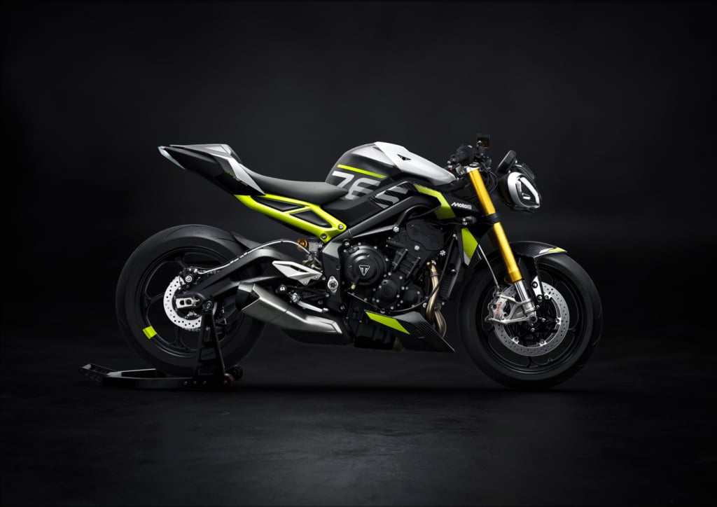 De Triumph Street Triple 765 de RX en de Moto2 Edition tillen prestaties en exclusiviteit naar een hoger niveau, met een volledig instelbare Öhlins NIX30-voorvork, clip-ons voor een sportieve zit en Brembo Stylema-remmen.
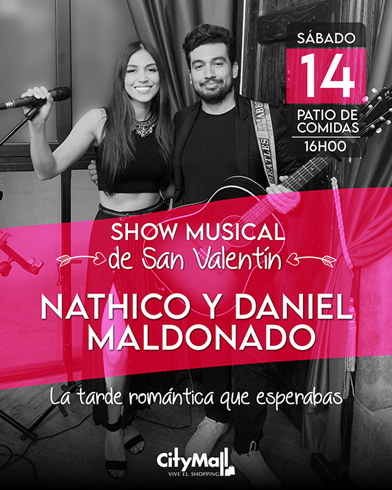 Como parte de las celebraciones programadas para este día, CityMall prepara La tarde romántica interpretada por los artistas Nathico y Daniel Maldonado, quienes serán los encargados de poner sentimiento, ritmo y amor a la jornada. Los detalles del evento son:
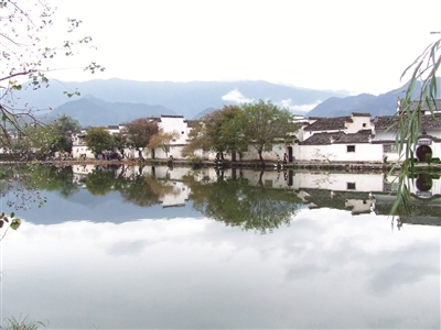 一入村口,南湖的美水便扑眼而来,清澈透明,水波荡漾,犹如一位清纯的村姑,笑迎八方来客。南湖是活水,因为“流水不腐”,南湖的水便显得十分清澈。粉墙黛瓦、古色古香的民居清晰地倒映在湖中,鸟儿自由飞翔,鸭子往来游弋,古木青青,杨柳依依,远山空蒙,云雾缭绕,如诗意,似画境。游人来了又走,走了又来,皆流连于这诗画般的仙境。清人汪士通有诗赞宏村曰:“家住桃源好,村居别有天。秋山千树月,春水一湖烟”。
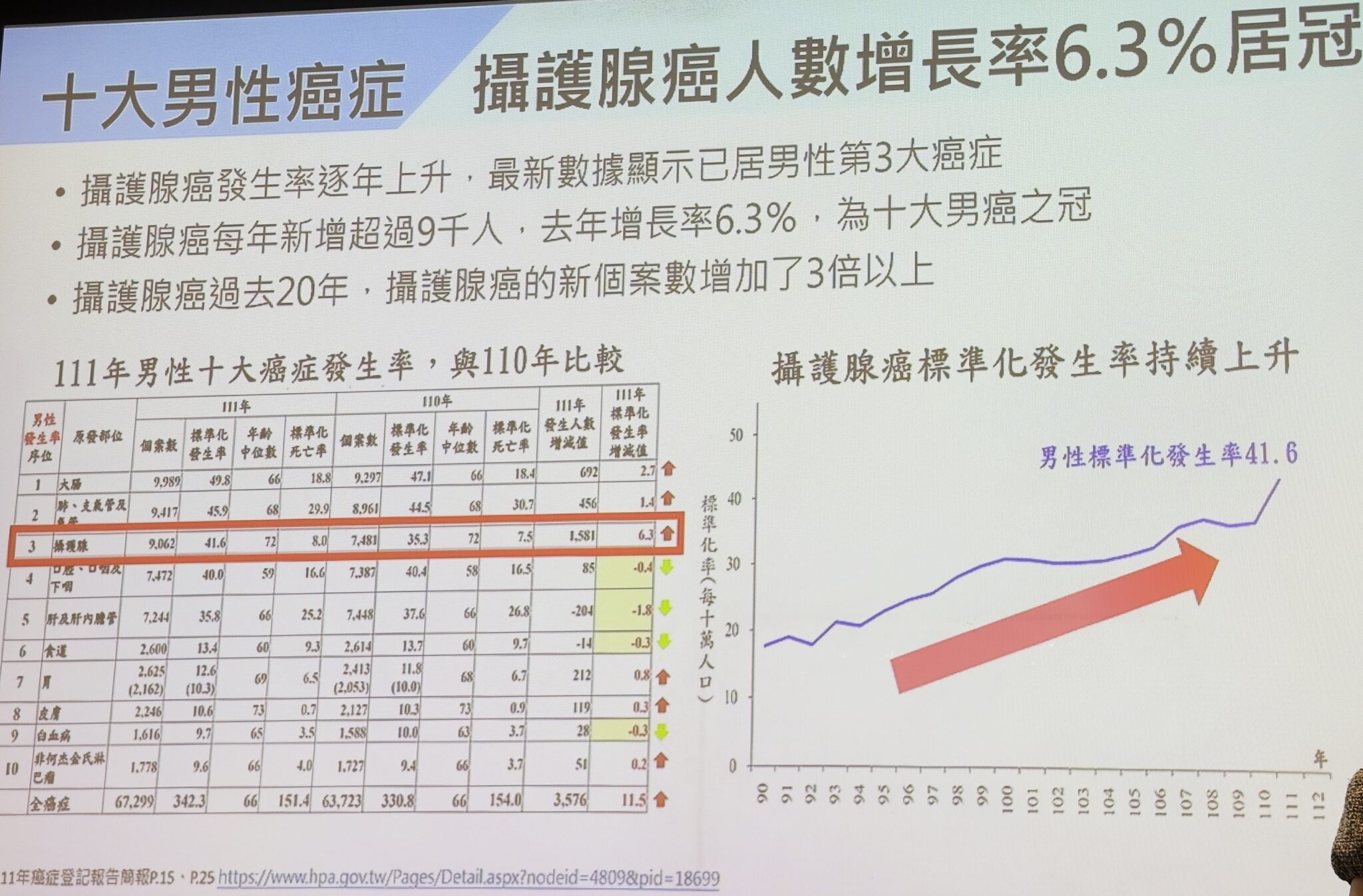圖説:十大男性癌症,攝護腺癌人數增長率6.3%居冠。(記者王承綸/攝)
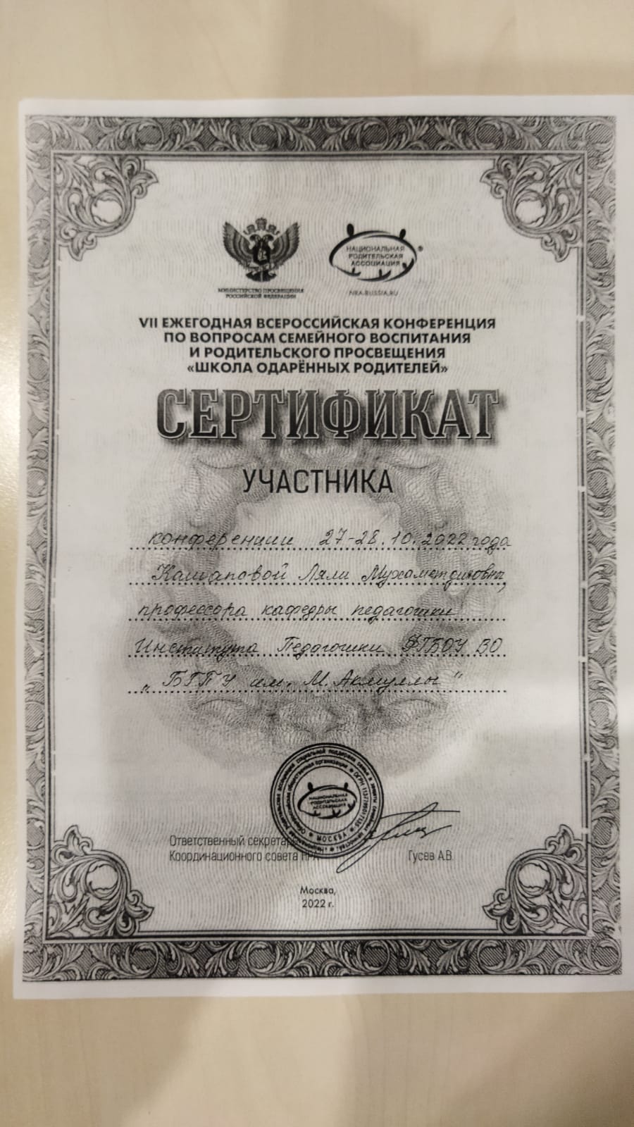 27-28 октября 2022 года профессор кафедры педагогики Кашапова Ляля Мухаметдиновна приняла участие в VII Ежегодной всероссийской конференции по вопросам семейного воспитания и родительского просвещения "Школа одаренных родителей"
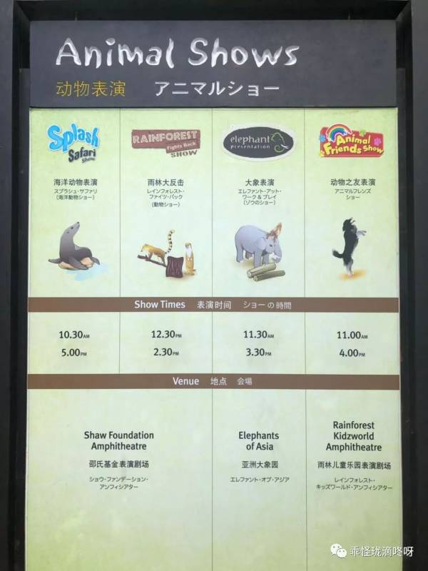 开放时间是8.30,我们9.30到人不算多,换票很舒服就进去了,没排队,最早表演10.30足够到达位置。表演时间表如下图,大家可以提前15分钟去占位置。海洋动物表演相对比较好看,但跟冲绳和大连以及北京的没法比,呃,或者叫风格不一样吧!新加坡比较重视人与动物和谐吧,显然没有日本很严格的训练,也不会有中国那种恢宏的场景和玄幻的情节,但是很温馨。大鱼大肉吃多了,小吃尝尝也爽口哒。

§

Please return exactly the lines above, from where the listing starts to the line holding "Como parte de", inclusive, with the pictures omitted.

Expected answer:
 De Triumph Street Triple 765 de RX en de Moto2 Edition tillen prestaties en exclusiviteit naar een hoger niveau, met een volledig instelbare Öhlins NIX30-voorvork, clip-ons voor een sportieve zit en Brembo Stylema-remmen.
 Como parte de las celebraciones programadas para este día, CityMall prepara La tarde romántica interpretada por los artistas Nathico y Daniel Maldonado, quienes serán los encargados de poner sentimiento, ritmo y amor a la jornada. Los detalles del evento son:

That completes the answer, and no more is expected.